Читаем Пленники Амальгамы полностью

Поражает бледность, покрывшая лицо Валерии. Над ней нависает Соня с осколком фаянсовой тарелки в руке (тарелку, похоже, и грохнули), так вот фаянс и лицо одного цвета! Скулит именно Валерия – тихо, опасаясь самого страшного. Почему-то Ковач уверен: Соня ничего плохого не сделает, но как это объяснишь?!

– Все, Сонечка… Все кончилось. Ты понимаешь меня? Все кончилось!

Потом были слезы, что лились даже не ручьем – из Сониных глаз хлестала слезная Ниагара. А изо рта извергался водопад извинений перед Валерией, хотя та давно сбежала из кухни. Вызванный с улицы брат пытался поднять сестру с пола, однако та продолжала рыдать и не поднималась, вмиг обмякшая, будто сдутый воздушный шарик. Теперь жизнь должна напитать ее другой энергией – энергией смысла, покинувшего когда-то бедную головушку, внутри которой поскакали всадники Апокалипсиса…

То есть чудо свершилось, но… Кто оценит?! Уж точно не Валерия, что заперлась в спальне. Сейчас все уйдут, а он останется тет-а-тет с очередным портретом, который опять не станут забирать. В нем сосредоточилась вся боль, что мучала девушку, весь ужас, живший в душе; и если бы на ее месте был Ковач – тоже не стал бы забирать этот слепок мрака.

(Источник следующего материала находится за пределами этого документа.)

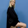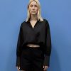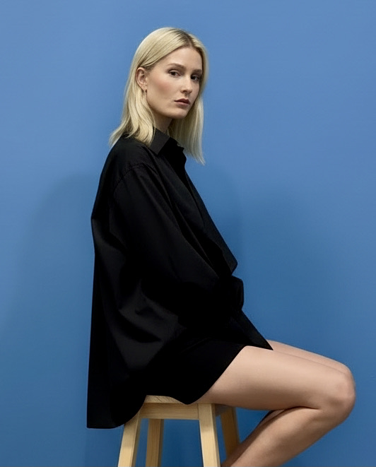 This double-layered oversize couture shirt features a gathered balloon hem with a dramatic high–low silhouette: cropped at the front and extended at the back for fluid volume and coverage. Finished with a classic collar, front opening, and oversized sleeves with elongated buttoned cuffs, it’s a sculptural statement piece that balances structure and movement.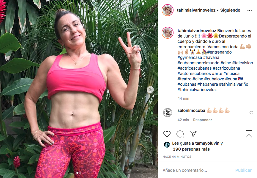 La popular y querida actriz cubana Tahimí Alvariño esta aprovechando muy bien esta etapa de cuarentena en su casa en La Habana para ponerse en forma y así lo ha querido compartir con sus seguidores, publicando en sus redes sociales varias fotografías de los «abdominales de acero» que luce a sus 51 años.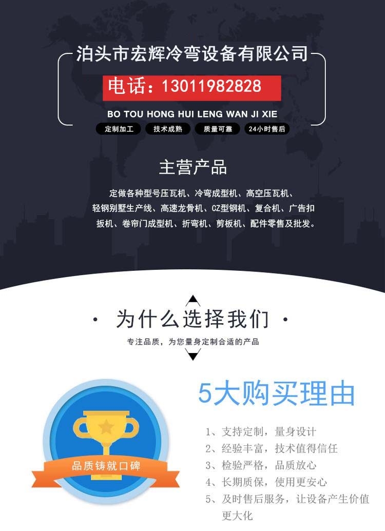 泊头市宏辉冷弯设备有限公司位于有“铸造之乡”、“汽车模具之乡”的河北省泊头市。北依京津,东临渤海,南接齐鲁,距北京250公里,距塘沽港180公里,距黄骅港80公里。位于京津冀经济圈内,环渤海经济带中。有京沪铁路、104、106国道、有京沪、石黄两条高速公路。我公司多年来一直从事钢结构用屋面板及墙面板彩钢瓦设备生产。拥有先进的生产设备和良好的开发设计***,设备以率、高精度、模具耐磨损等优点居同行业良好地位。其产品从初的屋面板、墙面板彩钢瓦设备至今已研发出几十种系列的彩钢瓦设备生产线,完全能满足各大客户的需求。我公司专业生产轻钢龙骨设备,轻钢别墅设备,集成吊顶设备,金属三维扣设备,我们的产品系列有:夹芯复合板生产线、c/z型钢机、琉璃瓦成型机、屋顶板成型机、墙面板成型机、双层成型机、角驰成型机、防风抑尘网成型机、高速护栏成型机、楼承板成型机、几字钢成型机、w型钢带成型机、车厢板成型机、屋脊瓦成型机、广告装饰扣板成型机、卷帘门成型机、底板成型机、折弯剪板分条成型机、雨搭屋檐板成型机、起拱成型机、配套辅助设备。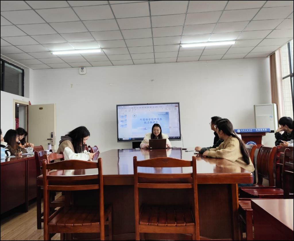 为深入贯彻学校关于就业工作的决策部署,紧抓秋季招聘黄金窗口,全力促进毕业生更加充分、更高质量就业,11月7日,外国语学院召开 2026 届研究生就业工作推进会,会议由2026届研究生毕业班辅导员张庆芳主持,全体 2026 届研究生参会。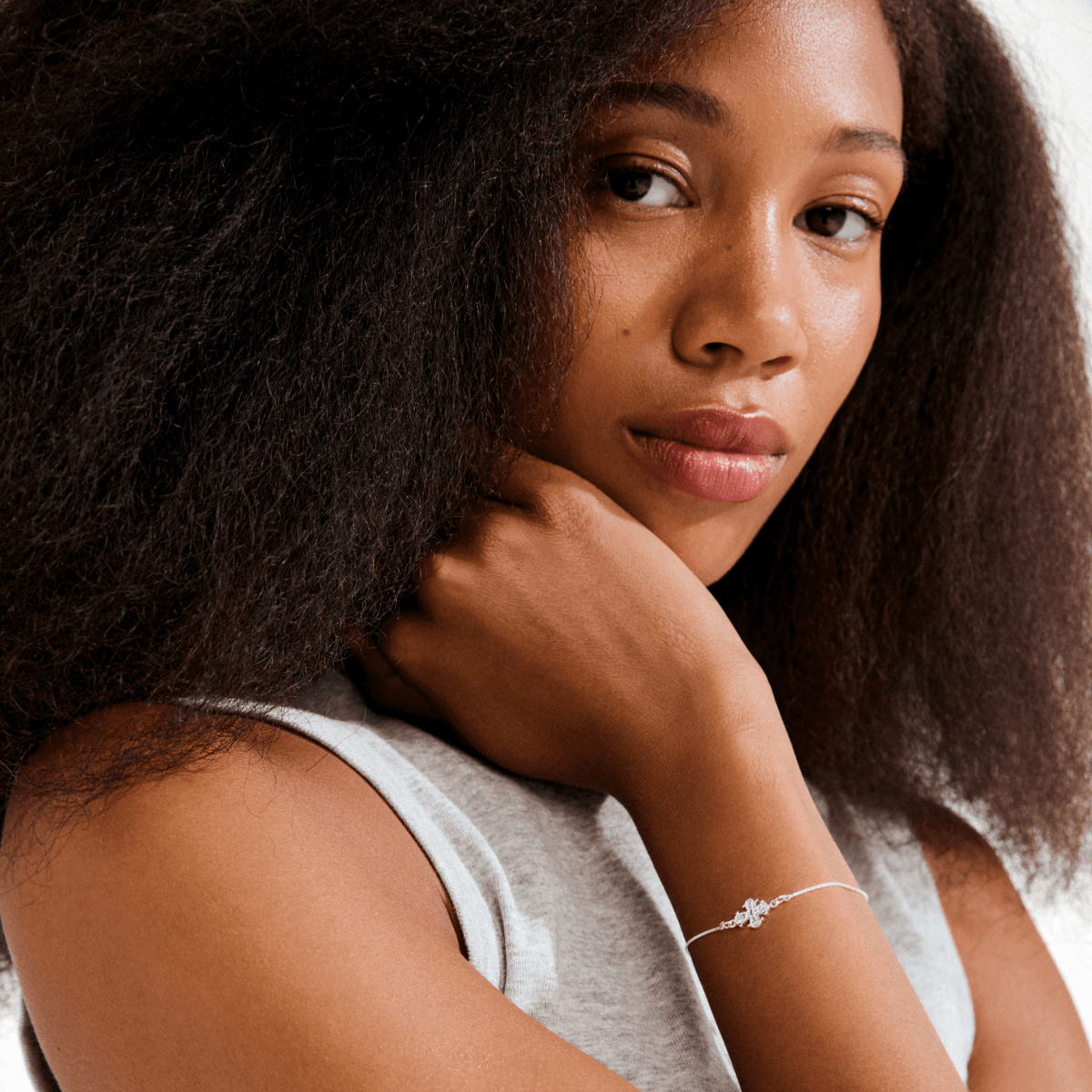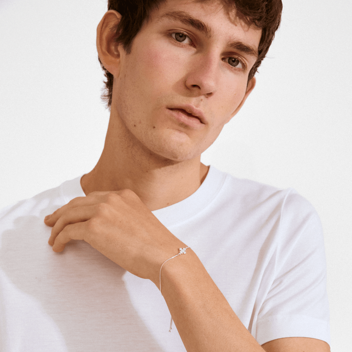 Den eleganta silverfärgade kedjan är justerbar för optimal passform och gör armbandet till en självklar favorit i smyckesgarderoben. Bär det som en meningsfull detalj, eller kombinera med fler armband för en personlig och trendig styling.

Объяснение происходит глубоко за полночь, когда Валерия приходит в себя. Подобное нельзя терпеть, это переходит все границы! Твои пациенты не просто опасны, они потенциальные убийцы! Да что там – реальные убийцы, любой юрист квалифицировал бы это как покушение! Слова выстреливают как пули, сопровождаясь лихорадочными сборами. Все, она уезжает к родителям! Они были правы: с психиатрами нельзя жить, они слишком глубоко погружены в свою профессию, а значит…

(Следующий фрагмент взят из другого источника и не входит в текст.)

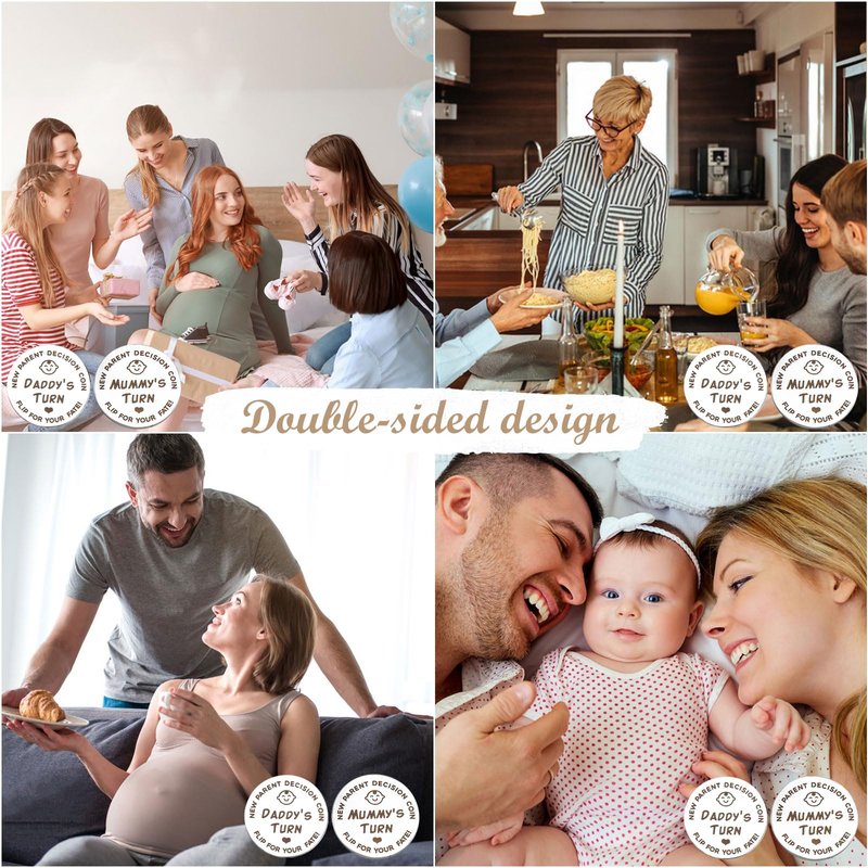 • DECISION COINS - Our double-sided decision coins are engraved with the words "Daddy's turn" on one side and "Mommy's turn" on the other. The perfect gift for new parents. Add some fun to new parents and bring many interesting things to life.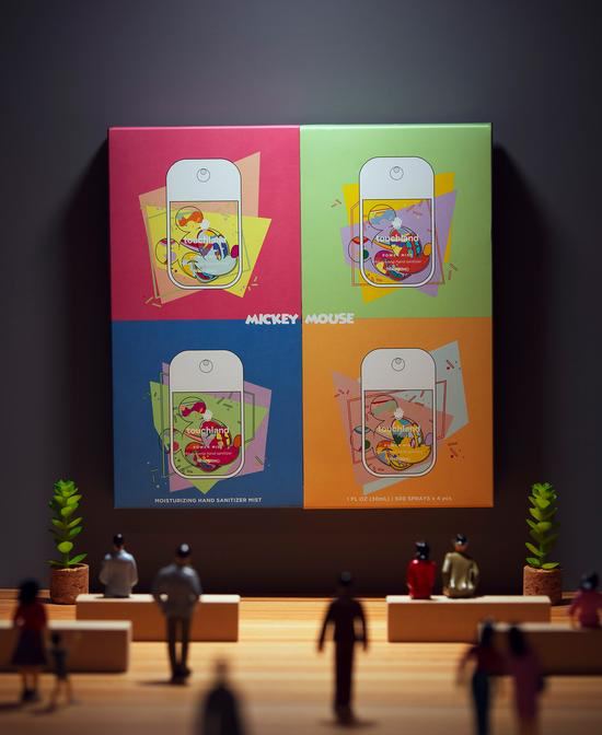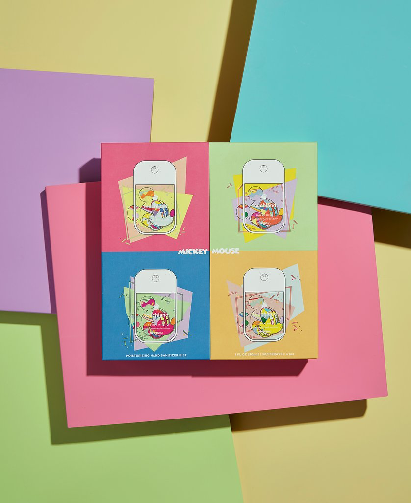 This collaboration is a four-piece limited edition set of Touchland’s fan-favorite Power Mist Moisturizing Hand Sanitizer scents! They are Aloe You, Pure Lavender, Citrus Grove, and Unscented! Each one includes a custom-designed pop art style Mickey Wallpaper sticker that shows through the bottle! The four sanitizers also come in a fabulous gift box with center sliding panels showing off the fabulous colorful pop art images! The box is practically a work of art in itself!

– Я давно не психиатр… – морщится Ковач.

– А кто?! Чем ты занимаешься?! И что это было?!

– Это был катарсис.

– Ха-ха-ха! Опять жонглируешь терминами искусства?! Катарсис – в театре! Аристотеля читай!

– Здесь то же самое. Девушка, быть может, обретет новую жизнь…

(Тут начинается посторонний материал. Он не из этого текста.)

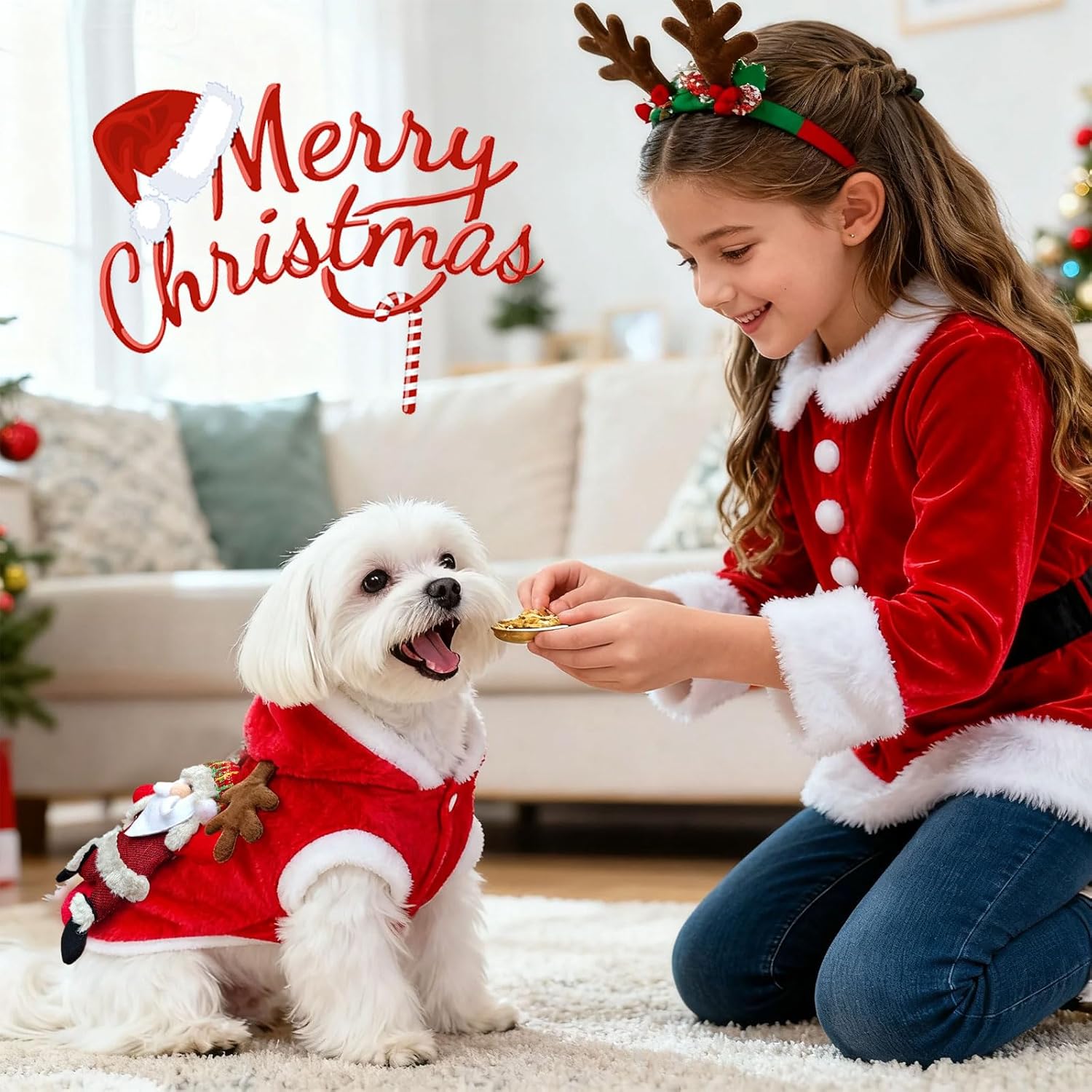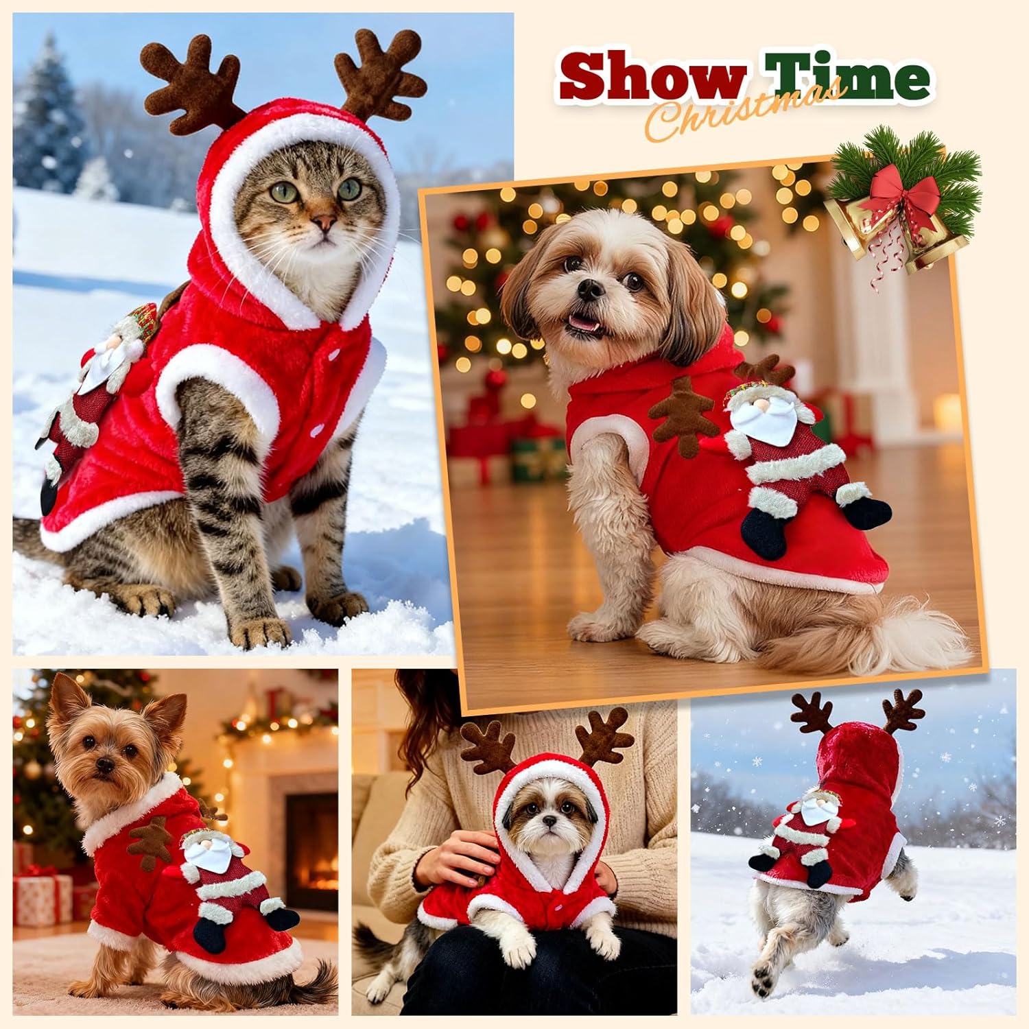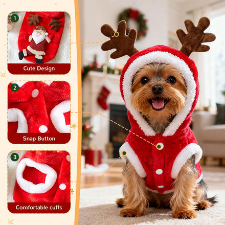 • Cute Small Dog Christmas Hoodie Costume:Transform your beloved pets into the embodiment of Christmas joy with our exquisitely designed hoodie. The highlight is an adorable, intricately crafted Santa Claus decoration displayed on the back, radiating classic holiday charm. Topping it off is an irresistibly cute hood featuring two soft-to-the-touch reindeer antlers. Whether posing for the annual Christmas card or greeting guests, your pup will effortlessly steal the show, spreading warmth and laughter with every playful step

Валерия подхватывает собранную сумку.

– Ну да, она обретет! А я?! Про мою жизнь ты подумал?! Ненавижу тебя, Ковач! Ненавижу!

Пустоту последующих дней не могли заполнить ни коньяк, употребляемый ежедневно, ни телефонные благодарности Сони, которая и впрямь чувствовала себя отлично. Он пытался настраиваться на философский лад: за все, мол, надо платить. Все имеет цену, душевное здоровье тоже, вопрос в том: кто заплатит Ковачу?

Ответ вроде бы прозвучал во время визита Сониного брата. Тот явился с букетом роз, что не особо воодушевило, напомнив про Валерию (та обожала цветы). Одновременно молодой человек вытащил из кармана конверт.

– У нас с деньгами не очень… – смущенно пробормотал. – Но кое-что я собрал…

Ковач выставил ладонь.

– Не надо, спрячьте обратно!

– Почему?!

– Потому, – он усмехнулся, – мы люди суеверные – возьмешь, а потом… Спрячьте.

Сунув конверт в карман, парень почему-то не уходил.

– А можно… Можно скульптуру забрать? Что Сонька лепила?

Он заметил удивление (еще бы!) в глазах Ковача и взялся объяснять:

– Это на память! Она, конечно, пластилиновая, поплыть может. Но я отливку закажу – из бронзы, например…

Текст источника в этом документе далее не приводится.